[Start of section]

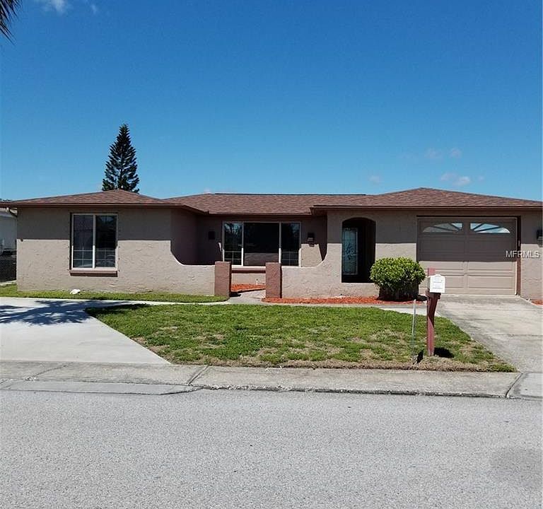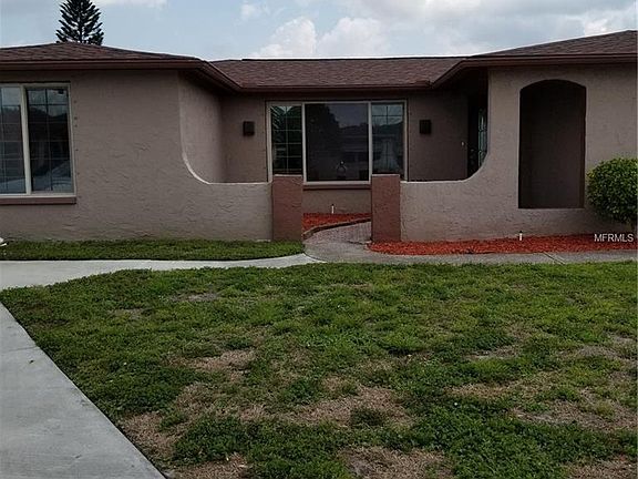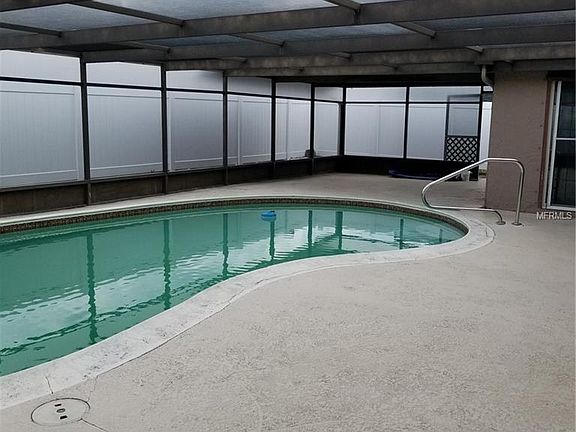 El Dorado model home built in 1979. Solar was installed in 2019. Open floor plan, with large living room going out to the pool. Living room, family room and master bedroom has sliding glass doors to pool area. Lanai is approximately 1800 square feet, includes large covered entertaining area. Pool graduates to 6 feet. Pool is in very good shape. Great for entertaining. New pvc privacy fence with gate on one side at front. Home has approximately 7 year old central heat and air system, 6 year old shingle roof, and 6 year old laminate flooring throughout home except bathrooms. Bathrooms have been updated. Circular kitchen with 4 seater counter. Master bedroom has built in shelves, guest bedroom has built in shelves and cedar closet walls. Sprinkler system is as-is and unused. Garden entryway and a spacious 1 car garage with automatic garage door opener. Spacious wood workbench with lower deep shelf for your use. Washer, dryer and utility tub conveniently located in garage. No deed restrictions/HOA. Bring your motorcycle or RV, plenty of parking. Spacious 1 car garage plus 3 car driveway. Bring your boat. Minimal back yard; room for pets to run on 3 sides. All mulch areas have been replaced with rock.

[End of section]
[Start of section]

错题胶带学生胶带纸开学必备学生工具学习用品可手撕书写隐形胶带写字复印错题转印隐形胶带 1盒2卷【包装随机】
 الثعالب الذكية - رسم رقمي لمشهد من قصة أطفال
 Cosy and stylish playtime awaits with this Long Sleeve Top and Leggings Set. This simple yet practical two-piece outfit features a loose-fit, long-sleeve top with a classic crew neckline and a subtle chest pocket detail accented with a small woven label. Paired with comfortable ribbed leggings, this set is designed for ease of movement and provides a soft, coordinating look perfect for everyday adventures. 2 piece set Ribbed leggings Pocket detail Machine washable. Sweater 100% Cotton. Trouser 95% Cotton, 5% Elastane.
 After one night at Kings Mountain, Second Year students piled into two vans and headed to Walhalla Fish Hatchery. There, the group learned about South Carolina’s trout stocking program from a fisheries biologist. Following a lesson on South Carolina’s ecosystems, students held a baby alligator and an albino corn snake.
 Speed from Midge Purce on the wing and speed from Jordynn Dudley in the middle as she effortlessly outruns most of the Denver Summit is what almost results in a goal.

[End of section]

- Problem details
Check the records above and copy each line that has the string "from".

- Task response
 After one night at Kings Mountain, Second Year students piled into two vans and headed to Walhalla Fish Hatchery. There, the group learned about South Carolina’s trout stocking program from a fisheries biologist. Following a lesson on South Carolina’s ecosystems, students held a baby alligator and an albino corn snake.
 Speed from Midge Purce on the wing and speed from Jordynn Dudley in the middle as she effortlessly outruns most of the Denver Summit is what almost results in a goal.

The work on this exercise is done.